In the axis operating device 30 according to the first embodiment described above, the range R of the movement amount of the actuator 28 with respect to the operation amount of the operation handle 32 is switched to 100 or 1 according to the ON / OFF state of the changeover switch 31.
[0074]
On the other hand, in this example, the volume 46 and the A / D converter 47 as the range setting means 21 are used so that the value of the range R can be set almost continuously. Therefore, the range settable value is determined by the resolution of the A / D converter 47. Operations other than those of the volume 46 and the A / D converter 47 are the same as those in the first embodiment.
[0075]
In the shaft operating device 45 according to the second embodiment, the operator can rotate the operation handle 32 while adjusting the volume 46. Since the range can be continuously changed almost steplessly, a rapid change such as 100: 1 does not occur with respect to the movement of the actuator 28.
[0076]
Therefore, when there is a possibility that a problem such as vibration due to the actuator 28, an operation error, torque limitation, or the like may occur, it is possible to prevent the occurrence of these problems. For example, when a stepping motor is used for the actuator 28, step-out due to a rapid change in the range can be prevented. Further, when a servomotor is used, it is possible to prevent the occurrence of a servo alarm due to an overload based on a rapid change in the range.
[0077]
FIG. 6 is a block diagram illustrating a configuration of a main part of the axis operating device according to the third embodiment. In this figure, components having the same functions as those shown in FIG. 3 are given the same numbers as those in FIG. 3, and new components having different forms are given new numbers, and only necessary portions are shown. explain.
[0078]
As shown in FIG. 6, the axis operating device 50 in this example is also connected with the axis operating device 26 and the actuator driving device 27. An actuator 28 is connected to the actuator driving device 27. The difference of the system configuration of the present embodiment from that of FIG. 3 is that the position value setting register 40 of FIG. 3 is deleted in the calculating means 24 'of the present example, and 3, the pulse number control unit 42 is omitted. Instead, in this example, a period monitoring unit 51 and a speed calculation correction unit 52 are added.
[0079]
The period monitoring unit 51 measures the time generated by the timer 34 as the period generating unit 22, monitors the difference between the desired time interval and the measured time interval, and uses the difference in the monitored time interval as time difference data. Output.

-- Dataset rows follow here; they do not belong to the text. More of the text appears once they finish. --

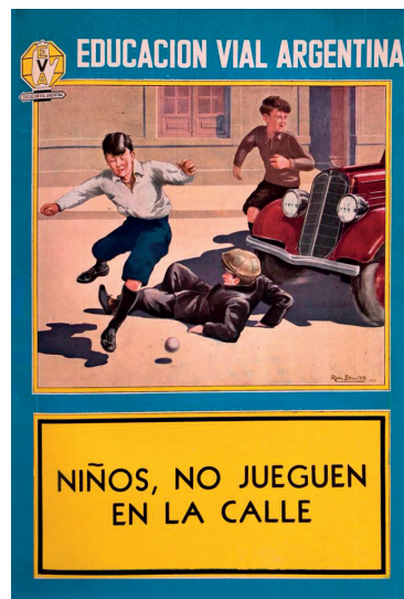
Figura 1. Afiche de campaña de educación vial de la Dirección Nacional de Vialidad, 1934

En Argentina, la difusión del automóvil implicó, como en otros lugares, un desafío para los gobiernos. Este objeto que circulaba por las calles y caminos del país dio lugar a una serie de iniciativas a nivel legal y nuevos aspectos de la vida social comenzaron a ser objeto de control. Las velocidades y sentidos de circulación, los lugares permitidos para estacionar, la identificación de los vehículos, los requerimientos técnicos necesarios, así como también la implementación del seguro obligatorio de responsabilidad civil fueron algunas de esas regulaciones. El desafío cobró distintas formas a nivel legal porque las leyes de tránsito se gestaron en distintos momentos históricos. Además de los cambios técnicos de los vehículos, la infraestructura cambiaba y las necesidades a las cuales dar respuesta también.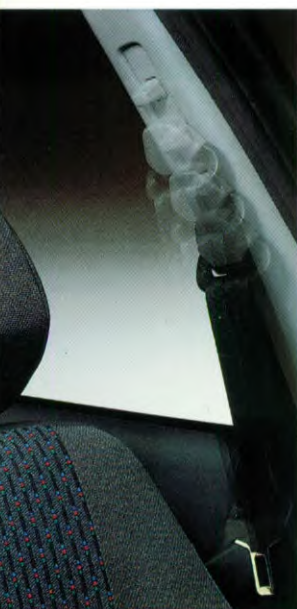
in hoogte verstelbare veiligheidsgordels vóór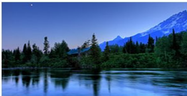
Thanksgiving from Photo Passion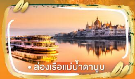
• ส่องเรือแม่น้ำดานูบ

ไฮไลท์ในโปรแกรม • เยอรมัน เมืองเก่าสุดคลาสสิก ฟัลยูโรปเต็มสิบ • เก็บโมเมนต์สวย ๆ ในบูดาเปสต์ เมืองแห่งแสงไฟ • บราติสลาวา เมืองเล็กแต่น่ารักเกินต้าน • เบอร์โน ซิลส์ง่าย สไตล์ยุโรปแท้ ๆ • คาร์โรวัวร์ เมืองน้ำแร่ • ซาลสบูร์ก เมืองดนตรี วิวดิทุกมุม • เวียนนา เมืองหรรุคลาสสิก สมมงยุโรปสุด ๆ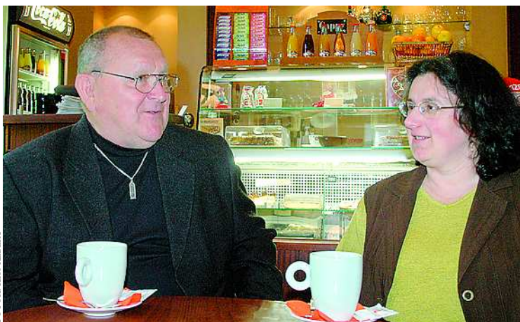
A múlt értékeinek felkutatása, megőrzése a hivatásuk

– A Babits ház, a kiállítás, az évforduló minden szabadidőmet elvitte, de jó csapatban dolgozhattam. Szabadidő? Akkor is a szakma, kiállítások látogatása. Véletlen, hogy a múzeum lett a hivatásom, az életem, bár gimnazistaként két nyáron „lapátoltam” egy régész-táborban a Nagyharsányi hegy alatt, egy római kori villa feltárásánál. Lehet, hogy még sincsenek véletlenek?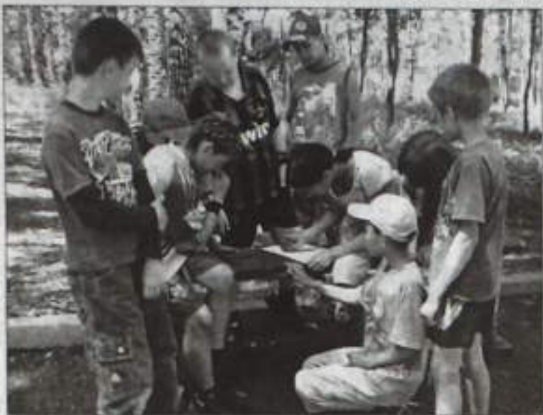
Одна голова – хорошо, а девять – лучше.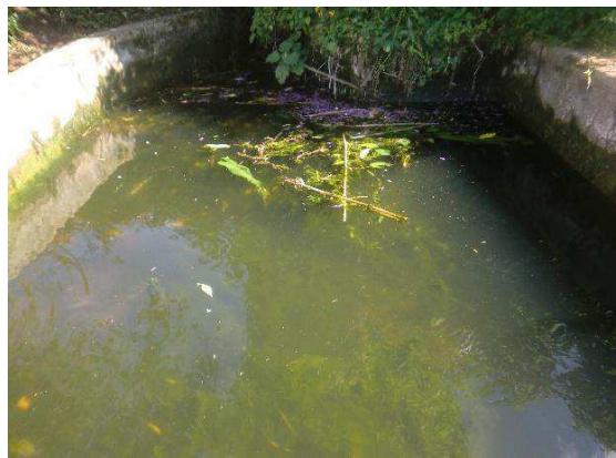
Año 2 015.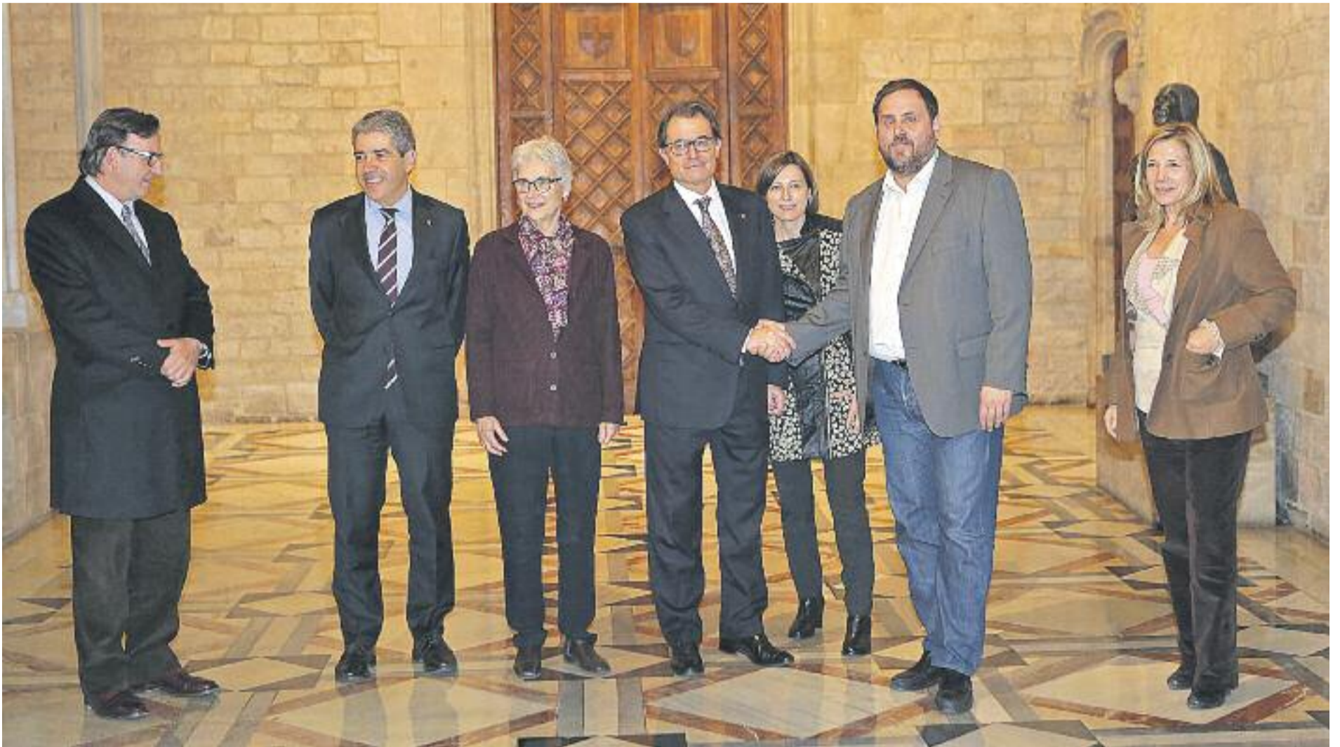
Mas i Junqueras van tornar a protagonitzar una imatge d’entesa el passat dimecres 14 de gener.

» Mas i Junqueras refan la unitat “per portar el procés de transició nacional fins a la victòria” » L’acord prioritza la creació d’estructures d’Estat des d’ara fins a les eleccions del 27 de setembre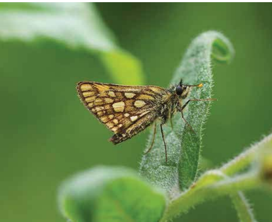
Bont dikkopje, De Scheeken.

De bijzondere leembossen vormen tezamen met de andere biotopen een gevarieerd mozaïeklandschap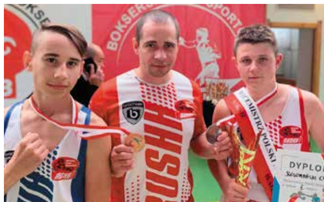
W gronie wychowanków klubu Rushh są wielokrotni medaliści najważniejszych imprez krajowych, jak również z powodzeniem startujący poza granicami kraju.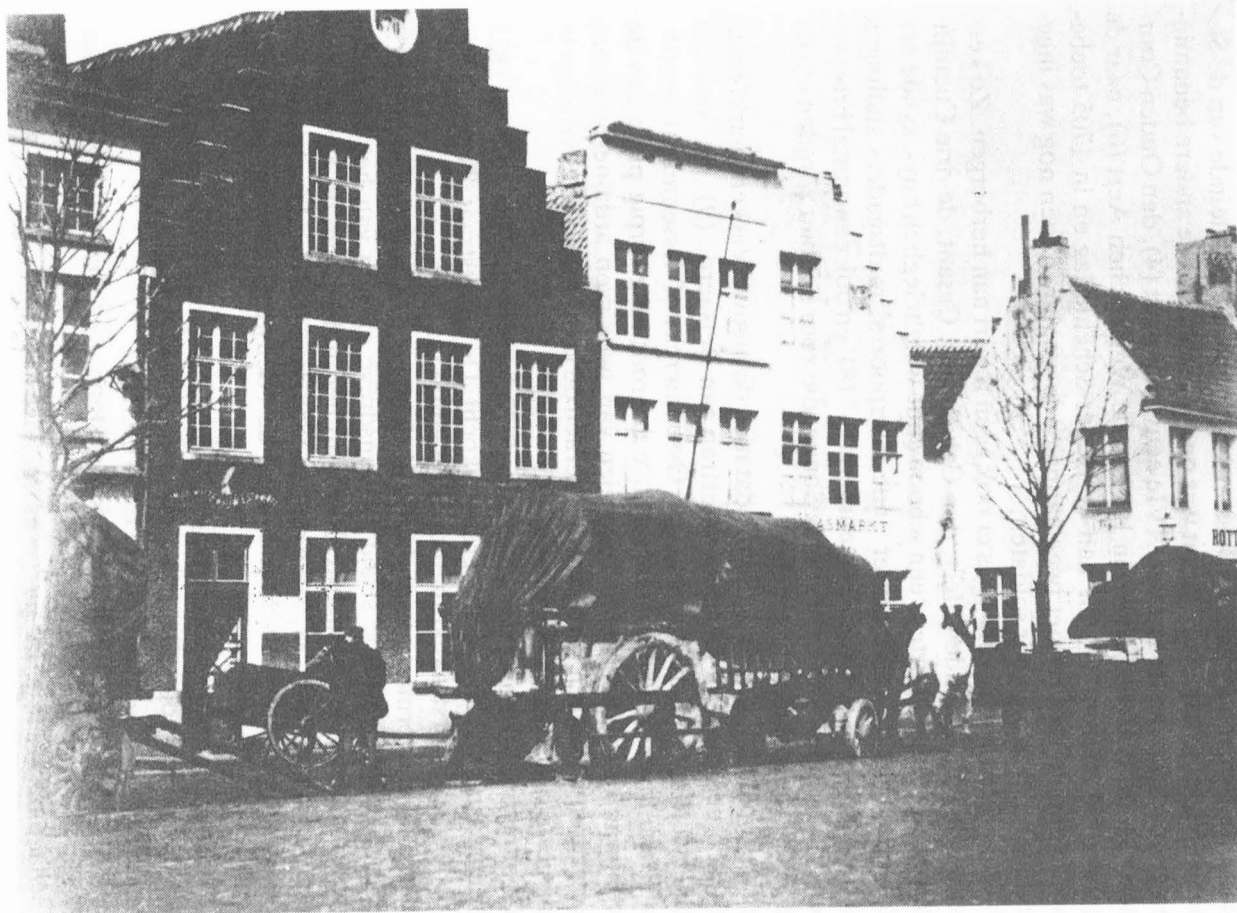
Beestenwagens op de oude Beestenmarkt voor het aanwervingskantoor van het leger in estaminet "De Witte Mauw". Verder de herbergen "Vlasmarkt" en "Rotterdam".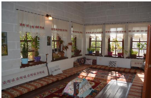
Şekil 4.30. Masal odası (Altınbaş, 2020)

Masal Odası'nda Türk Kültürü'ne ait sözlü gelenek ve anlatılardan bahsedilirken (Şekil 4.30), Sohbet Odası'nda meddah hikâyeleri ile günümüzde geçmişi yaşama imkânı sağlanmaktadır.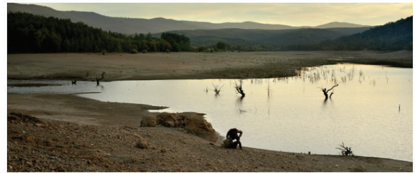
Görsel 13, 14: "Rıza ile Kavga"

Sinan öğretmenlik ataması sınavına girmek için gittiği Çanakkale'de, dedesinin evinde arayıp bulduğu eski bir kitabı satmak için kitapçıya gider. Kitapçıda Süleyman isimli yazarla karşılaşır. Kendisini yazara tanıtıp, izin isteyip konuşmak için oturur. Konuşma taşra, edebiyat, yazarlık etrafında şekillenir. 18 Konuşmaları sürdükçe yazar Sinan'ın onu dinlememesinden, iğnelemelerinden, tepeden bakan, küçümseyici tavrından rahatsız olmaya başlar. Film boyunca çeşitli sahnelerde gördüğümüz Sinan'ın, bu kibirli yani "insanın sevgi ile kendisi hakkında olduğundan daha üstün hüküm vermesi" (Spinoza, 2011: 188) tavrı sadece insanlara karşı değil Çan'a tepeden baktığı sahnede görüldüğü üzere taşra dahil her şeye yöneliktir.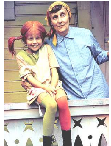
Astrīda Lindgrēne kopā ar kādu no Pepijas atveidotājām.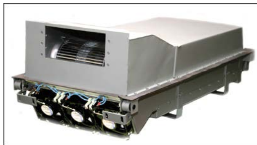
Рис. 3. Термоэлектрический кондиционер для кабины машиниста поезда "Русич" московского метрополитена.

Разработанный на предприятии термоэлектрический кондиционер холодопроизводительностью 1 кВт для кабины машиниста поезда "Яуза" московского метрополитена состоит из двух идентичных охлаждающих блоков по 500 Вт, каждый из которых содержит 48 термоэлектрических модулей, соединённых последовательно-параллельно, контактирующих теплообменными площадками с "холод-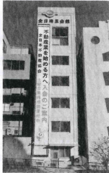
平成 25 年

平成 5 年 7 月に上福岡からさいたま市桜区に移転し、そして平成 24 年 11 月に現住所の全日会館として移転されました。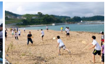
砂浜でのアクティビティ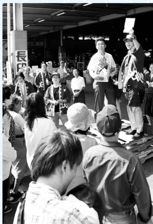
▲毎年盛況の「模擬競り」

青果や花き、乾物、お茶、食肉、鶏卵などの食料品や日用雑貨の販売を行います。模擬競りや焼きそば、ゲームの出店、その他のイベントもあります。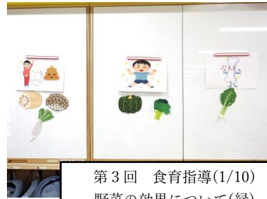
第3回 食育指導(1/10) 野菜の効果について(緑)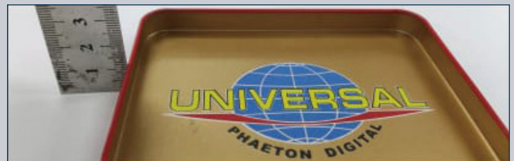
ALTO DE IMPRESIÓN DE 15mm.

The speed calculation and correction means 52 is constituted by a program processed by the CPU 36, and corrects the calculated value of the command pulse speed according to the difference in the time interval obtained from the time difference data output by the period monitoring means 51.
[0080]
The axis operating device 50 according to the third embodiment is different from the axis operating device 30 according to the first embodiment in that the axis operating device 30 according to the first embodiment has a sampling time Tsamp. Although the command pulse position Pcmd and the command pulse speed Vcmd are controlled in accordance with the detected operation amount Lop for each time, in the shaft operating device 50 according to the third embodiment, the Instead of controlling the command pulse position Pcmd for each time interval, ie, for each sampling time Tsamp, the time interval calculated based on the command pulse speed Vcmd and the time interval, ie, the command pulse position for each sampling time Tsamp, is substantially controlled. In addition, the command pulse speed Vcmd is corrected. Therefore, it is possible to control the command pulse position Pcmd in addition to controlling the command pulse speed Vcmd.
[0081]
FIG. 7 is a flowchart illustrating a processing operation by the CPU 36 of the axis operating device 50 according to the third embodiment. The illustration and description of functions and operations not directly related to the present invention are omitted. This process is started when the power of the entire system is turned on.
[0082]
7, the CPU 36 first performs the processing operation (A) shown in the processing S1, and then performs the processing operation (B) shown in the processing S2. The processing operation (A) and the processing operation (B) are the processing operation (A) in the processing S1 shown in FIG. 3 and the processing operation (B) in the processing S2 of the axis operating device 30 according to the first embodiment. And are respectively the same.
[0083]
That is, also in this case, during the processing in the infinite loop in the processing operation (B) of the processing S2, the sampling time Tsamp [sec] set by the setting of the timer 34 performed in the processing operation (A) of the processing S1. Each time, a timer interrupt process occurs.
[0084]
In the timer interrupt processing operation (C-2) shown in the processing S103 (S103-1 to S103-6), the CPU 36 first reads the value of the counter 35, and stores the read value in the RAM 37 as a read counter value Loop. After the storage, the counter 35 is cleared (S103-1).
[0085]
Subsequently, the CPU 36 reads the state of the changeover switch 31, determines that the mode is the coarse movement mode if the read switch state is OFF, and sets the range R = 100 if the switch state is ON, and determines the range R if the switch state is ON. The range R is determined according to the state of the changeover switch 31 that sets = 1 (S103-2).
[0086]
Next, the CPU 36 reads data “ΔT = Tsamp−Treal” of the difference between the desired time interval Tsmap (for example, 5 milliseconds) and the measured time interval Treal obtained by the period monitoring unit 51 (S103-3). .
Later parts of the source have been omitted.